A developer built a fully functional WebAssembly interpreter in 2,944 bytes — small enough to encode in a single QR code and roughly 40% smaller than standard compression would allow. The implementation uses x86-64 assembly with legacy instruction tricks (rep prefixes, parity flags, self-modifying code), a single-pass execution model to eliminate jump target storage, hash-based WASI syscall lookups, and arithmetic coding with context mixing rather than generic compression. The write-up is part engineering achievement, part meditation on how much complexity modern toolchains add by default: a working WASM runtime, from scratch, fits in less space than a C "Hello, world" binary.

lina.sh

I Accidentally Made Law Enforcement Shut Down Their DDoS Honeypot

A security researcher stumbled onto a Dutch police honeypot — cyberzap.fun, a convincingly realistic fake DDoS-for-hire service — by noticing that the site's mail server records consistently pointed to bit.nl, the same Dutch hosting provider used across multiple law enforcement operations. After registering with a deliberately conspicuous email address, law enforcement took the site offline within hours. The post reveals a dual-strategy playbook: covert honeypots to catch active perpetrators, and overt warning sites (netcrashers.net) to deter would-be users by making them uncertain whether services are real or traps. The takedown itself is evidence that law enforcement monitoring the registrations was active — and that consistent infrastructure choices can become a detectable fingerprint for careful OSINT practitioners.

xogium.me

The Text Mode Lie: Why Modern TUIs Are a Nightmare for Accessibility

A blind developer dismantles the assumption that terminal applications are inherently accessible. Modern TUI frameworks treat the terminal as a 2D canvas — continuously redrawing the screen and flooding screen readers with cursor position announcements rather than meaningful output — making them significantly worse than legacy tools like vim, nano, or menuconfig, which respect cursor positioning constraints that screen readers depend on. Reactive frameworks like Ink compound the problem with input lag up to 10 seconds due to single-threaded rendering. The author documents repeated bug reports closed as stale by framework maintainers, and argues that "text-mode" has become a false accessibility signal: the visual aesthetic of CLI tooling now masks the same canvas-rendering problems that made graphical UIs inaccessible a generation ago.

The Gamer

Metal Gear Solid 2 HD Source Code Leaked on 4chan

The complete source code for the 2011 HD remaster of Metal Gear Solid 2 — specifically the PS Vita and Xbox 360 ports developed by Armature Studio — was leaked on 4chan in early May 2026, with reports of up to 30GB of uncompressed assets included.
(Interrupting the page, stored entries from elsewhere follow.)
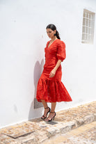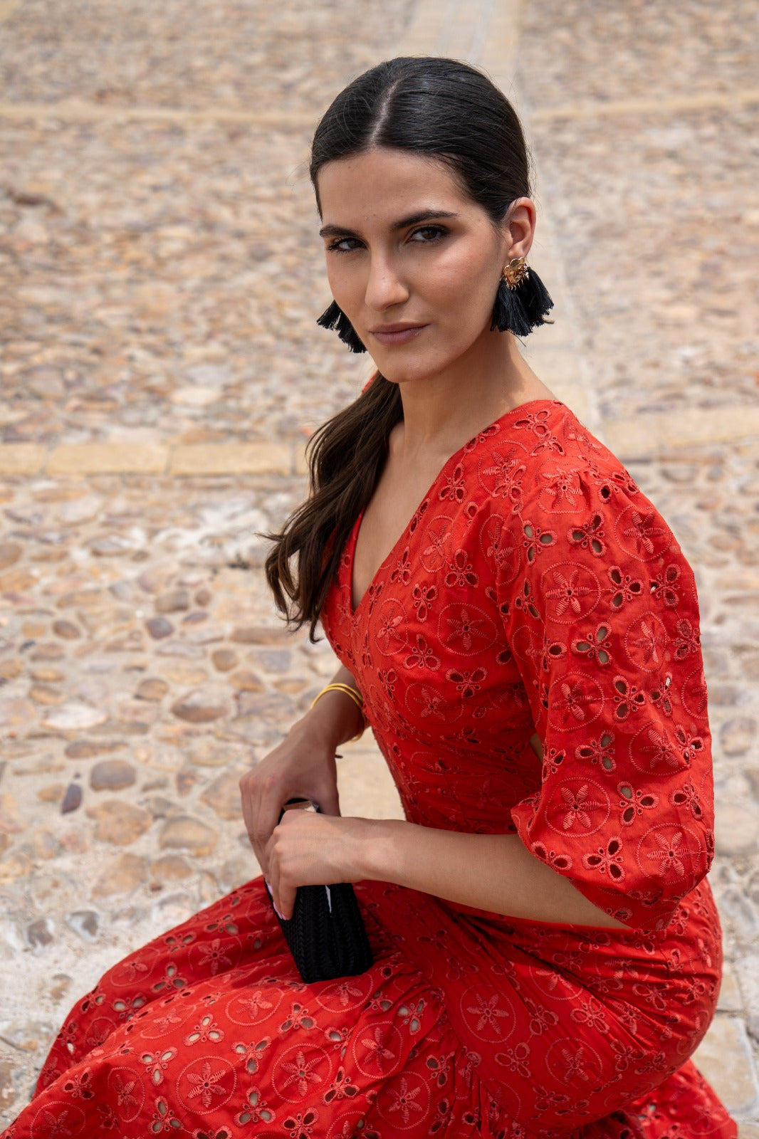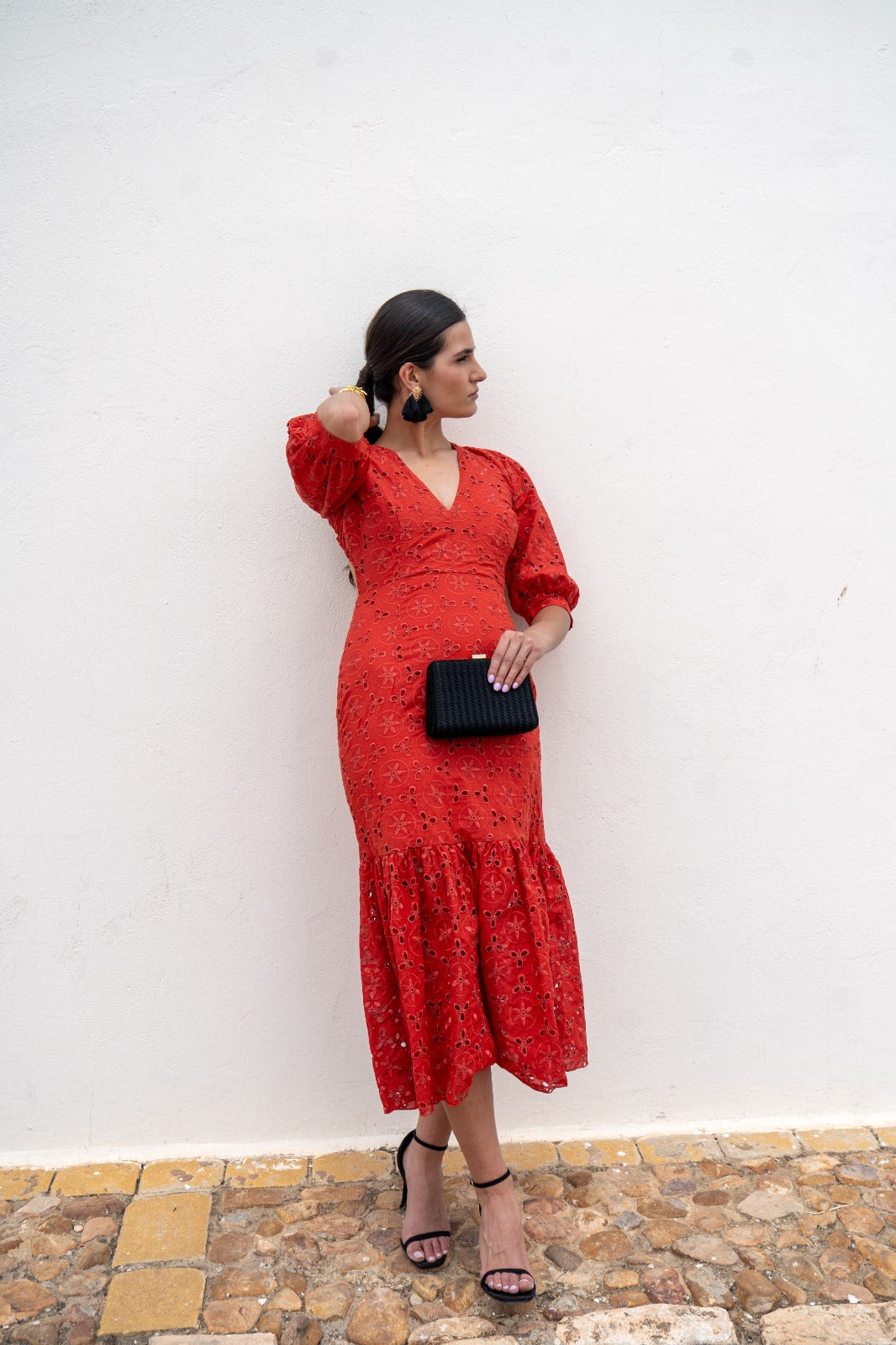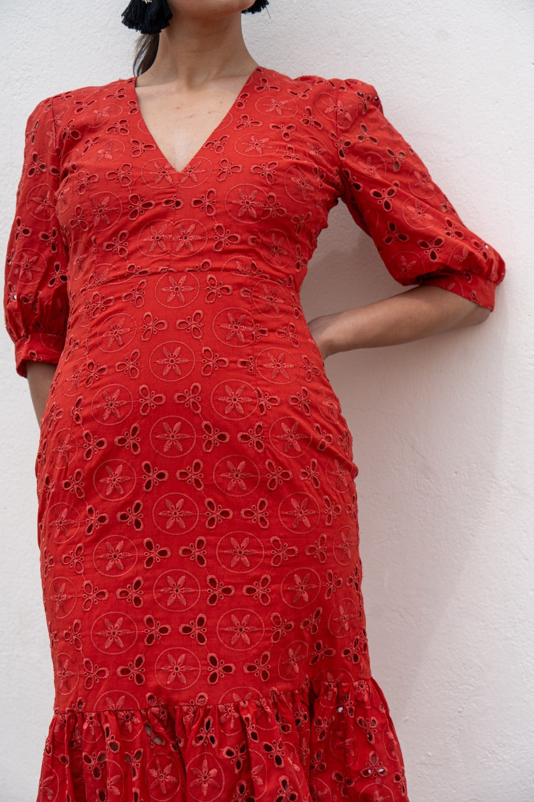 Vestido escote a pico, espalada descubierta, manga corta, volante abajo. Calado y bordado en color caldera.
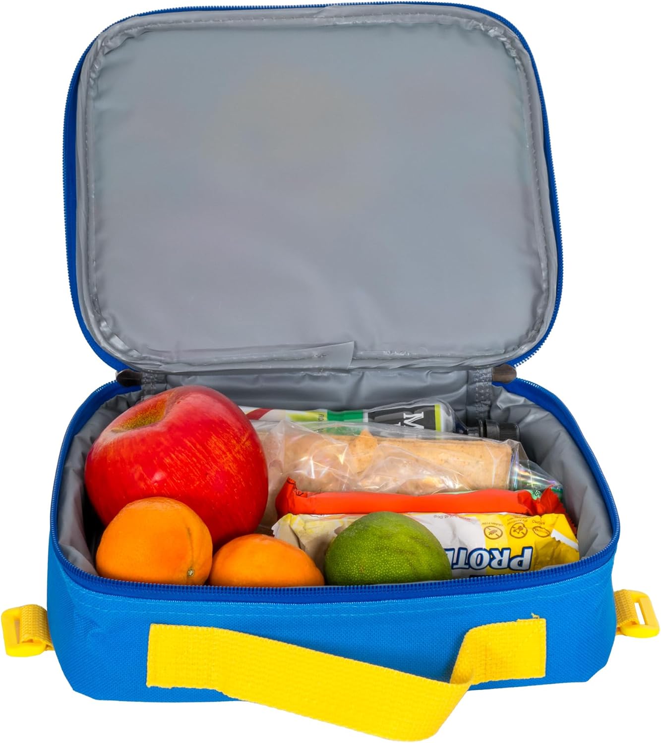 Insulated Minions Lunch Box: The detachable classic lunch box has a padded handle, foam insulation, and PEVA waterproof lining to keep food fresh all day at school or when traveling. Measures 7.5” x 9” x 3”.
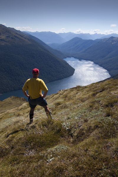 Resting on the lip of this natural amphitheatre, we drink from a beautiful brook which cuts through the grass. In three hours we have gained the ridgeline and I trot off along the tops to photograph the lake from a nearby hilltop.
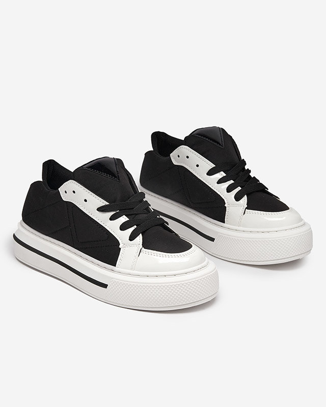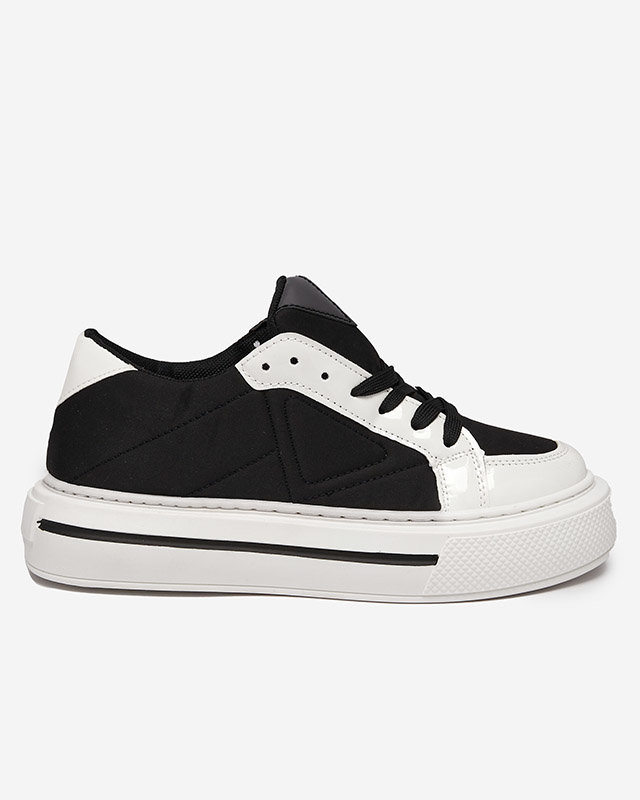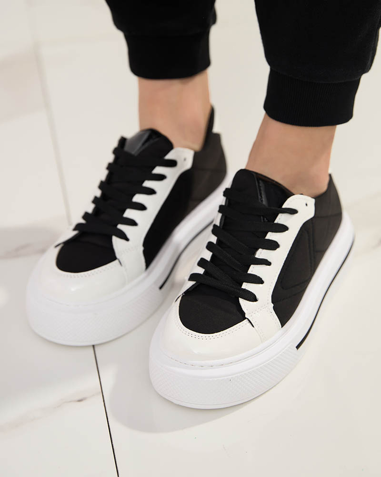 - Pantofi sport de damă cu șireturi, cu căptușeală cu șireturi. Modelul este realizat dintr-o combinație de material textil și piele ecologică lăcuită. Talpă mai groasă din cauciuc, inserție din material textil. Notă: produsul are urme de lipici pe material
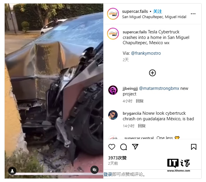 IT之家注意到,这并不是近期墨西哥发生的唯一一起 Cybertruck 事故。就在几天前,另一辆 Cybertruck 在墨西哥圣米格尔・查普尔特佩克撞上一堵墙,车头严重变形,幸运的是驾驶员并无大碍。
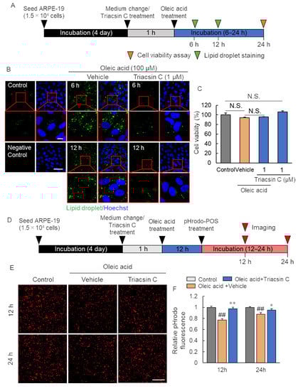 Improvement in phagocytosis by inhibition of lipid droplet accumulation. (A) Experimental protocol. Green arrow heads show lipid droplet staining timepoint (6 and 12 h after oleic acid treatment), and orange arrow head shows cell viability assay timepoint (24 h after oleic acid treatment). (B) The representative image of lipid droplet (green) and Hoechst 33342 (blue) following triacsin C and oleic acid treatment. Scale bar shows 10 µm (magnified image) or 50 µm. (C) The quantitative data of cell viability after triacsin C and oleic acid treatment. (D) Experimental protocol of phagocytosis assay after triacsin C and oleic acid treatment. Red arrow heads show the imaging timepoint (12 and 24 h after pHrodo-POS treatment). (E) The representative image of phagocyted pHrodo-POS in ARPE-19 cells after triacsin C and oleic acid treatment. Scale bar shows 100 µm. (F) The quantitative data of the pHrodo fluorescence intensity. Data are the means ± SEMs (n = 6 independent experiments). ## p < 0.01 vs. control, ** p < 0.01, * p < 0.05 vs. Oleic acid + vehicle (Tukey’s test). N.S.—No significant difference.
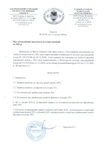 НАКАЗ № 45-Вн від 23.12.2020 р. “Про затвердження документів вступної кампанії на 2021 р.”
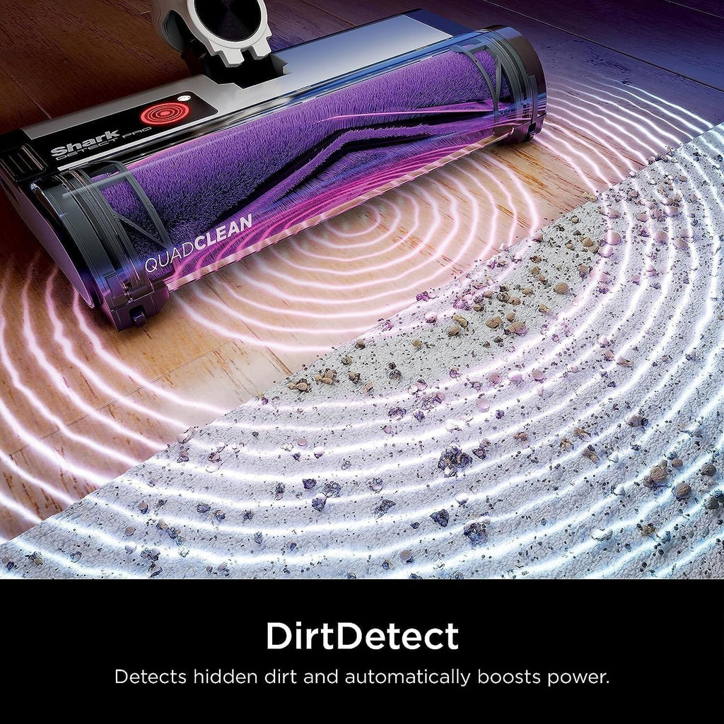 Meet the new Shark Detect Pro Cordless Stick Vacuum. Its ultra-intelligent detect suite gives you 4 deep-cleaning technologies that detect & react to their surroundings. DirtDetect senses the hidden dirt that hides in your home, and automatically boosts power to pull it in. EdgeDetect senses edges and corners and doubles suction* power for more powerful cleaning* (vs. ECO mode). FloorDetect senses carpets and hard floors around your home, and optimizes your vacuum’s performance based on the floor type. Lastly, LightDetect automatically illuminates dark spaces, so you can easily track down hidden dirt. All four of these technologies combine in the Shark Detect Pro to give you up to 50% better* dirt pickup (*Based on ASTMF608, eco vs. boost). Never swap nozzles with the QuadClean Multi-Surface brush roll that tackles four cleaning targets: fine dust, pet hair, large debris, and dust along edges. For incredible maneuverability, Detect Pro gives you full-sized* cordless power, in a 30% lighter** frame (*vs. IZ862H, **Based on ASTMF608, vs IZ540H). Change the way you clean with the new Shark Detect Pro Cordless Stick Vacuum.
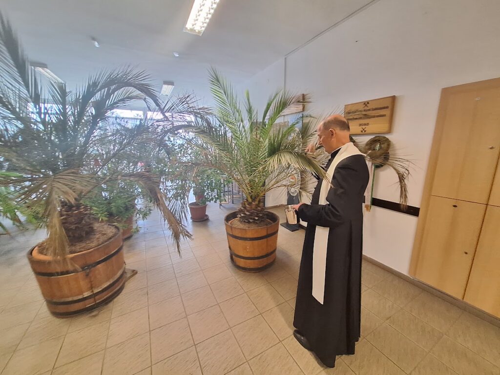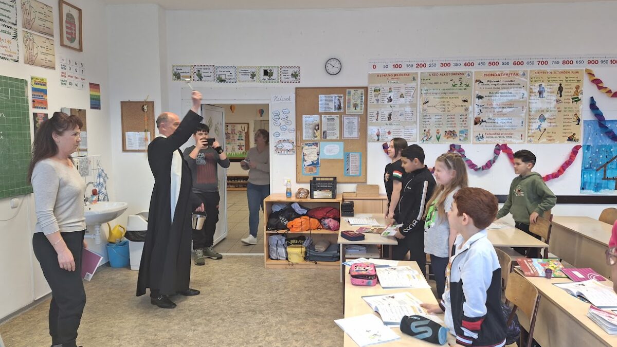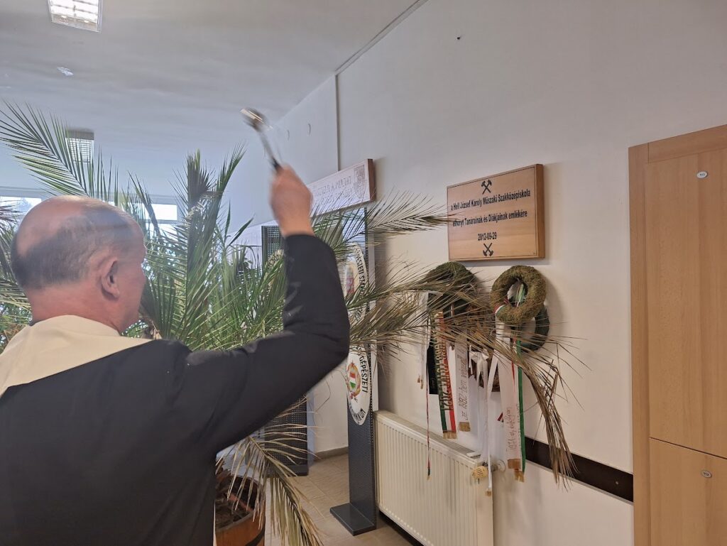 Ezt követően a vízszentelés következett, majd Zsolt Atya, – Oláh Éva (hittantanár) Tomka Dávid (ministráns) és Baranya István igazgató kíséretében – osztályról-osztályra járva megáldotta a helyiségeket, közösségi tereket, konyhát, birkozótermet, sportcsarnokot, Hell Múzeumot, tanári szobát, igazgatói irodát…stb.
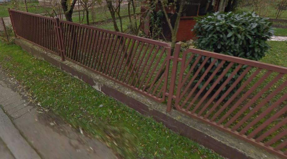 Metalna ograda, masivna, 5 polja, klizna vrata i mala vrata, ukupne dužine 28 m,
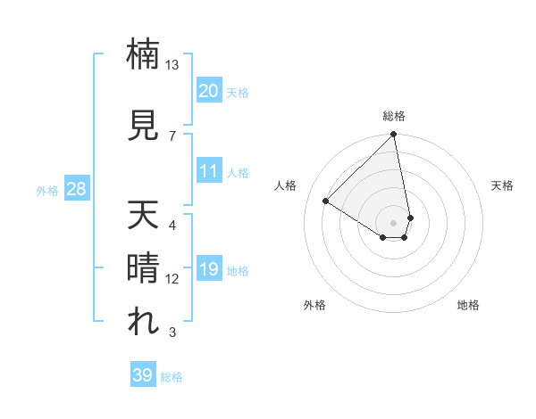 楠見 天晴れさんの天格は20画の1点!
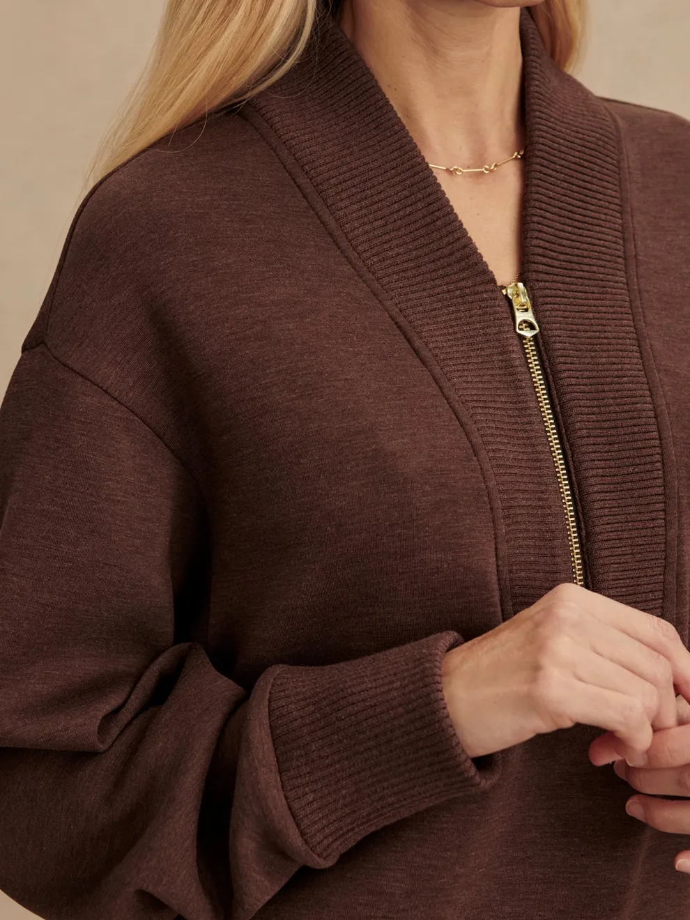 A new take on Varley’s bestselling Davidson sweat, the Sally features a V-neckline panel with a chunky rib knit.
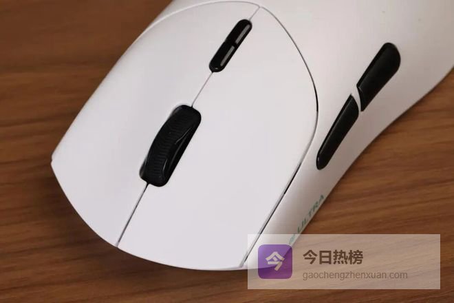 为实现极致轻量化,鼠标两侧舍弃了传统侧裙设计,却通过人性化内凹弧度优化,巧妙提升了握持时的贴合度与摩擦力,抓握稳固不打滑,兼顾轻量化与操控稳定性。鼠标左侧上方配备两颗长条形功能侧键,布局合理、按压便捷,可自定义功能适配各类游戏场景,满足多元操作需求;此处还印有专属ULTRA标识,起到了画龙点睛的作用。

Source code access typically unlocks significant modding work: the Ship of Harkinian project (Ocarina of Time) demonstrated how quickly a community can produce native ports and mods once source is available. The official route to play MGS2 remains the Master Collection. The leak raises the usual questions about preservation, intellectual property, and the practical reality that game source code, once released, tends to generate more community activity than any official remaster could.